More recently, Brenda was nominated for a Telegraph and Argus Community Star Award in the fundraising category, we were disappointed that she didn’t win this, however an announcement was made and she was awarded a specially created lifetime achievement award on 4th December 2013 at the Banqueting Suite, City Hall, Bradford. Both Brenda and her husband Peter were thrilled. Brenda received over 400 nominations, the most in any of the categories that night.

The numbers of cats brought to the Rescue have gone up significantly since the RSPCA closed in Bradford. Earlier this year the centre had to close its doors to new arrivals as it was overrun with unwanted cats and kittens. Bradford Cat Rescue tries its best to help but with caring for 200 animals, many of which are kept in foster homes, they reached breaking point and just could not take any more.

Yorkshire ranks second highest in the country for animal cruelty convictions and many animals reach the shelter in a bad condition. One evening, Brenda went out at around 11pm to take her dog for a walk and she found a box on her doorstep. When she looked in there were two tiny kittens, they were only new-born and both were cold. She looked around for the mother cat and left food but she never came so the kittens must have been left there on their own. Fortunately there was a nursing mother cat in the Rescue and she took the kittens.

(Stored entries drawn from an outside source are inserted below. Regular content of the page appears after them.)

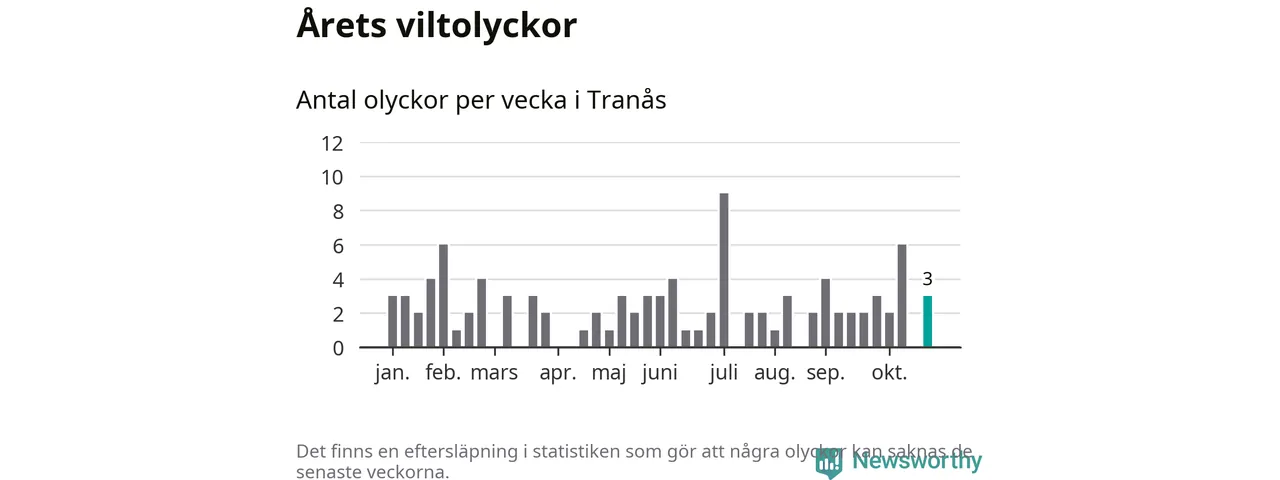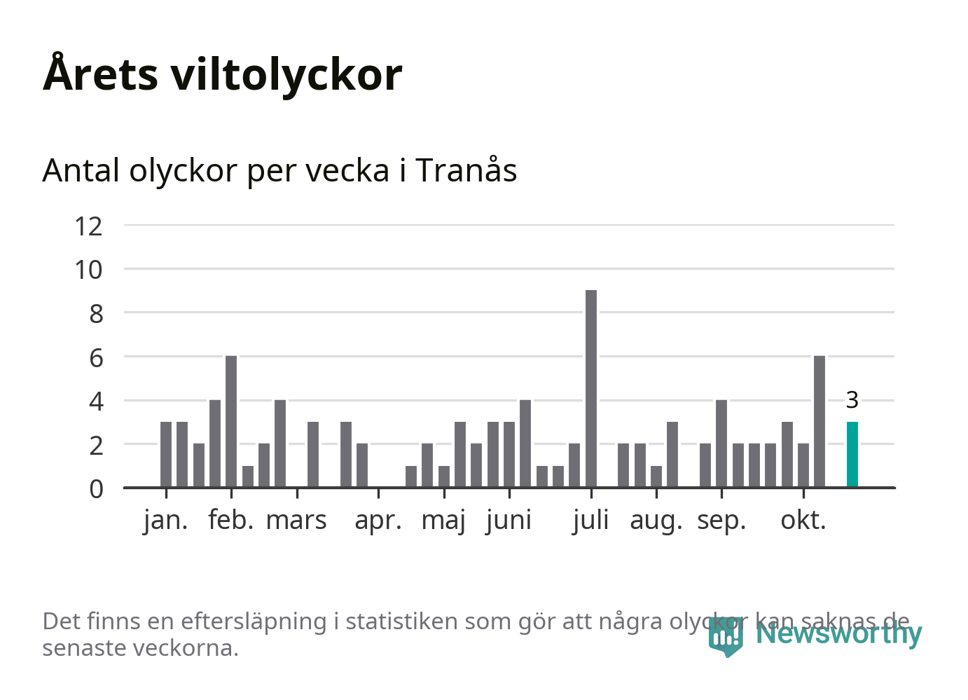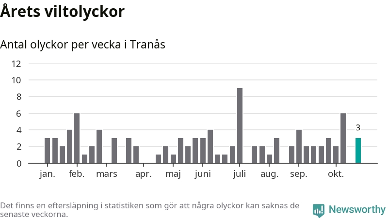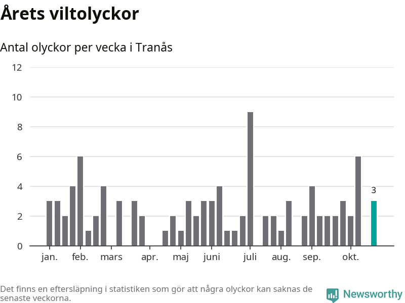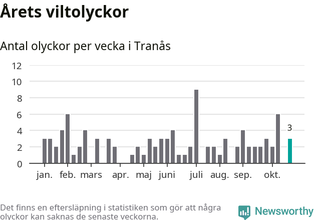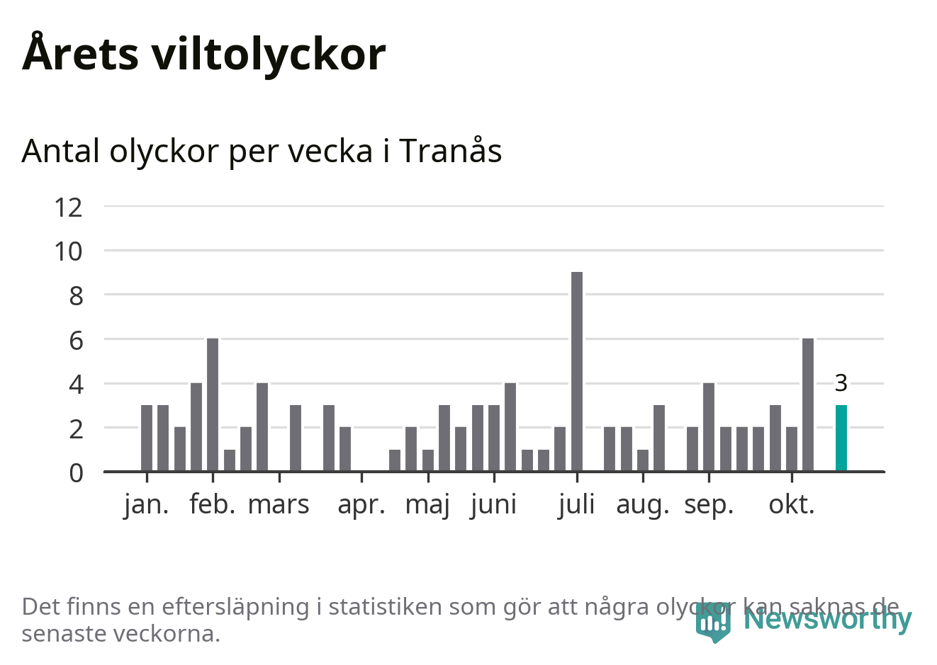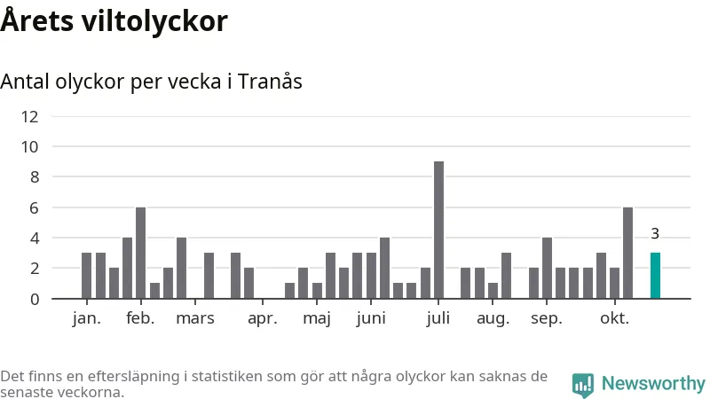 Hittills har tre viltolyckor rapporterats in i Tranås kommun från vecka 44. Se listan här.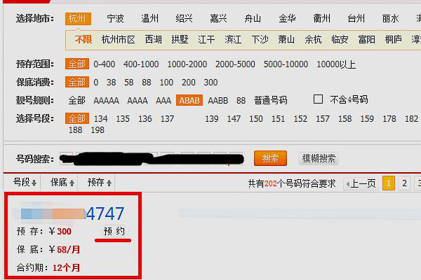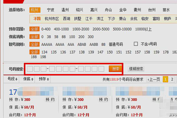 4、然后,进入号码选择界面,在号码中输入需要定制号码进行搜索。请参考下图进行操作: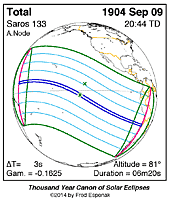 | 1904 Sep 09 | 20:44:21 | Total | 133 | 1.071 | 06m20s | Atlantic, nw South America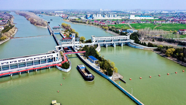 位于江蘇省揚(yáng)州市江都區(qū)的南水北調(diào)東線一期工程運(yùn)鹽閘、邵仙套閘、邵仙閘洞(2024年3月19日攝,無人機(jī)照片)。新華社發(fā)(任飛攝)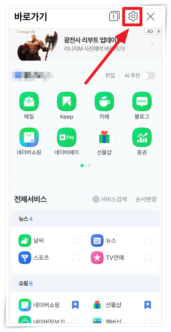 2. 우측 상단 설정 아이콘을 클릭해 주세요.
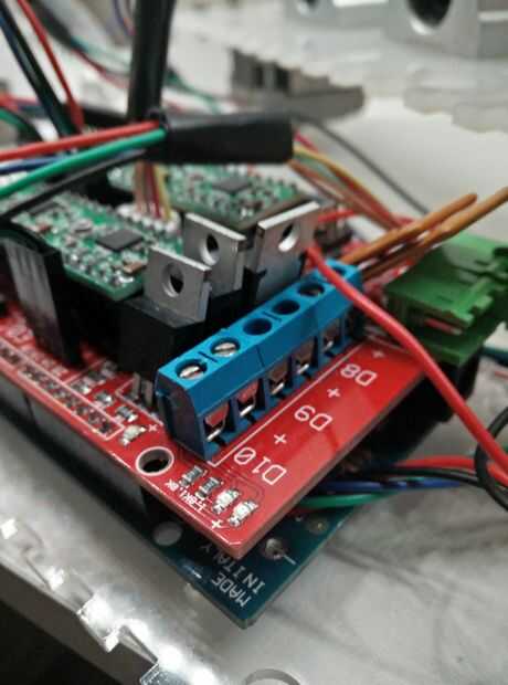 Hotend utilizando el esquema anterior de alambre, la soldadura de los cables rojos a D10 (terminal de tornillo) y +. Otra vez la polaridad no importa en este momento porque el hotend sólo es cortocircuitar un resistor de prueba de la llama para calentar para arriba. Entonces el cable los cables de termistor al T0 en el tablero. La polaridad también importa en este caso porque es una resistencia.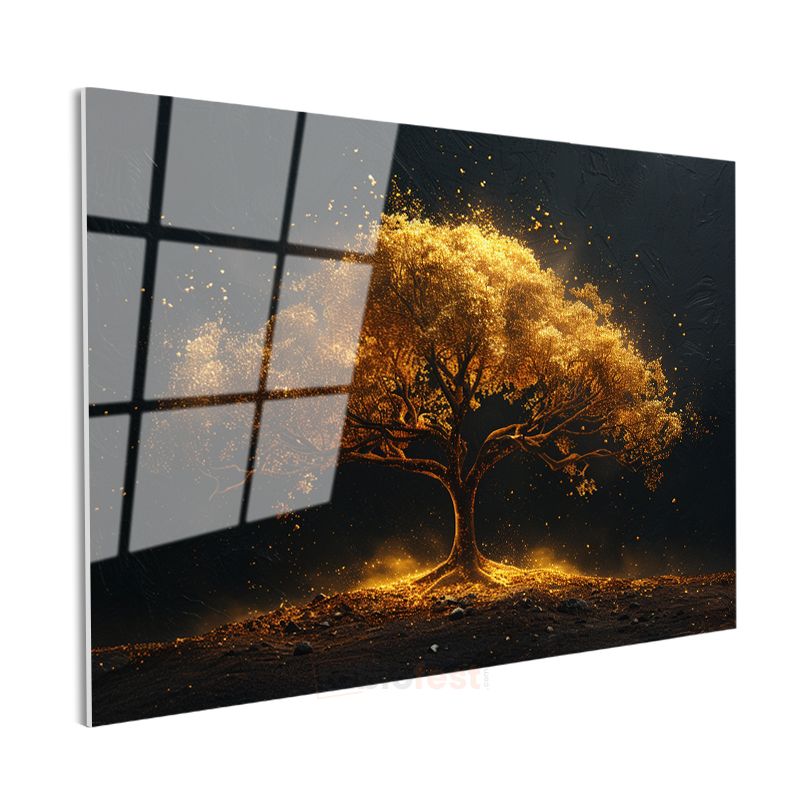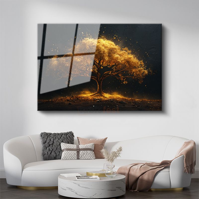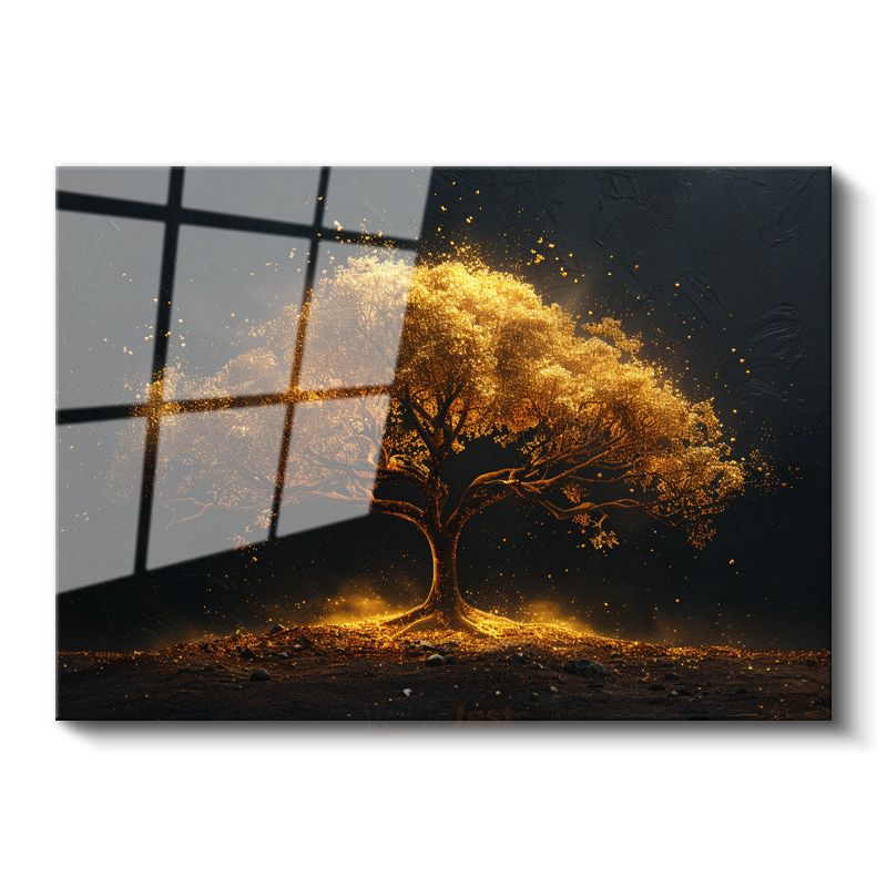 Işıklı Ağaç - Altın Parıltılı Mistik Görünüm Cam Tablo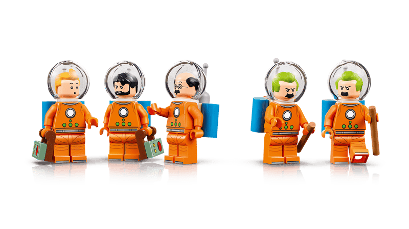 Setet innehåller totalt sex karaktärer från Tintin-universumet. Samtliga minifigurer är utrustade med rymddräkter, hjälmar och syretankar för att matcha seriens månskildring.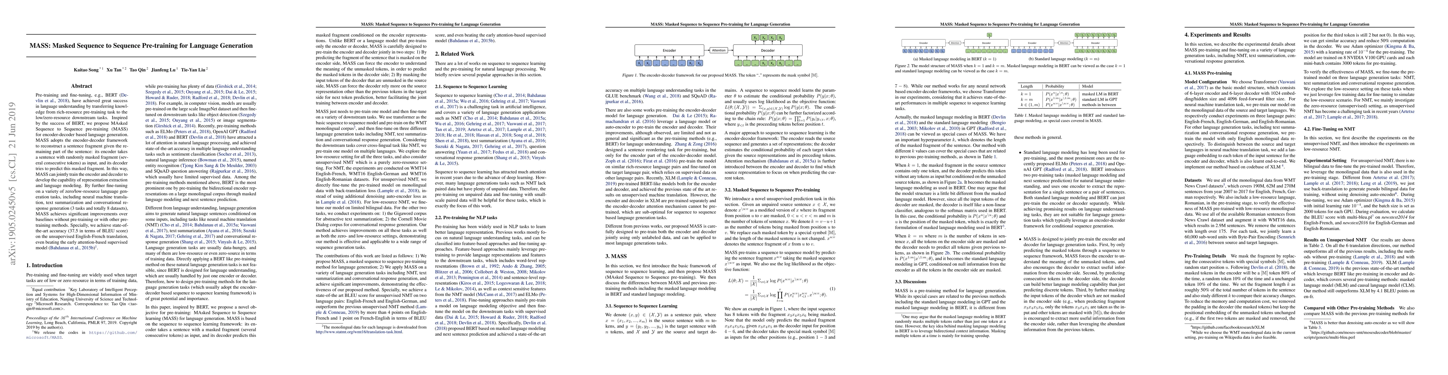 The paper proposes MASS, a Masked Sequence to Sequence pre-training method for encoder-decoder based language generation tasks. MASS improves language modeling and representation extraction through joint training of an encoder and decoder on masked sentence fragments, achieving significant gains on various low/zero-resource language generation tasks, including text summarization and neural machine translation.
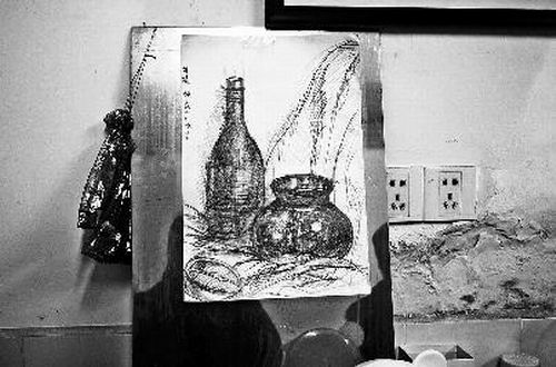 屋里的一面沙發(fā)上,還有十多張筱筱畫的素描,其中一張素描《瓶子和橙子》擺放在客廳。這張畫上的字跡與她寫給母親的遺言條字跡如出一轍。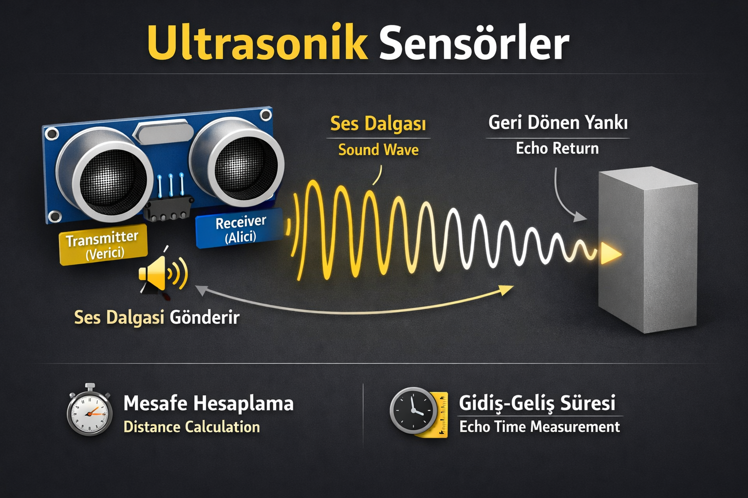 Ultrasonik sensörlerle ilk çalışmaya başladığımda en dikkatimi çeken şey mesafe ölçümünün netliği oldu. Sistem oldukça basit çalışıyor: sensör yüksek frekansta (genelde 40 kHz civarı) bir ses dalgası gönderiyor, bu dalga bir yüzeye çarpıp geri dönüyor ve geçen süreye göre mesafe hesaplanıyor.

Brenda relies on people’s generosity but it has been a struggle over the last couple of years. Local supermarkets do help by having food donation stations but not as much food is being left as it used to be, and financial gifts have reduced greatly since the credit crunch. Brenda and the team of supporters are very concerned as to what will happen if donations continue to dwindle. If the Rescue was to close, what would happen to all the abandoned and mistreated cats in Bradford?

Allerton Cat Rescue

Location: Bradford

I have been a supporter of Allerton Cat Rescue for over 20 years and have seen some awful sights in that time. The dedication that Brenda and the team give to this cause mean that just a few of the feline residents of Bradford and the surrounding area are given a second chance.